Voici ce que J. de Tschudi dit de cette vallée, dans son Touriste en Suisse :

- La haute vallée d’Anniviers, longue de 38 kilomètres, étroite, boisée, caractéristique et peu connue, ouverte au nord et parcourue par l’impétueuse Navizance, appelée aussi Navichance ou Usens, renferme ce que le Valais, avec Zermatt, possède de plus beau et de plus grandiose en fait de montagnes et offre partout une richesse alternance de paysages doux et gracieux, avec la plus sauvage et imposante nature alpestre, principalement dans sa partie supérieure, la vallée de Zinal.

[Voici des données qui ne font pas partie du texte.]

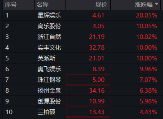 休闲用品板块中,星辉娱乐、高乐股份、浙江自然、实丰文化、英派斯、奥飞娱乐等个股涨停。

Le Val d’Anniviers, plus resserré et aux pentes en général plus abruptes, offre plus d’effets pittoresques et de contrastes saisissantes que la vallée de Zermatt.

Les habitants, hospitaliers, bon et sobres, et plus ou moins nomades, qu’on dit descendre des Celtes, passent pour les plus laborieux et les plus aisés du Valais et ont des habitudes, des moeurs et des usages particuliers.

On pénètre dans cette vallée par une belle route qui part de Sierre, passe à Chippis et monte en faisant de grands lacets, qu’un chemin muletier, qui aboutit au pont de Chippis, abrège considérablement. Chippis est devenu un bourg industriel important par les grandioses installations d’une compagnie industrielle qui a capté des forces de la Navizance à Vissoye et les conduit dans ses turbines, par un canal souterrain de 10 kilomètres de longueur environ. Les énormes tuyaux descendent le long de la montagne, comme des reptiles gigantesques, apportant dans leurs flancs l’eau glacée de la fille du glacier indomptée jusqu’alors. Ce n’est qu’à Niouc que la vallée prend son niveau normal. La belle route des Pontis, suspendue en quelque sorte sur un profond précipice, dominant le cours du torrent de ses lacets, qui s’assombrissent sous de nombreux tunnels creusés dan le roc, est une des plus pittoresques de la Suisse et commande l’admiration à chaque tournant, dévoilant les sites splendides de la vallée. 

Le premier tracé de cette route alpestre, considérablement élargie et rendue carrossable, a été taillée dans le roc par les soins de P. V. Quartery, curé de Saint-Luc, en 1615. Dans sa partie supérieure, la route circule au milieu de forêts de mélèzes du plus gracieux aspect.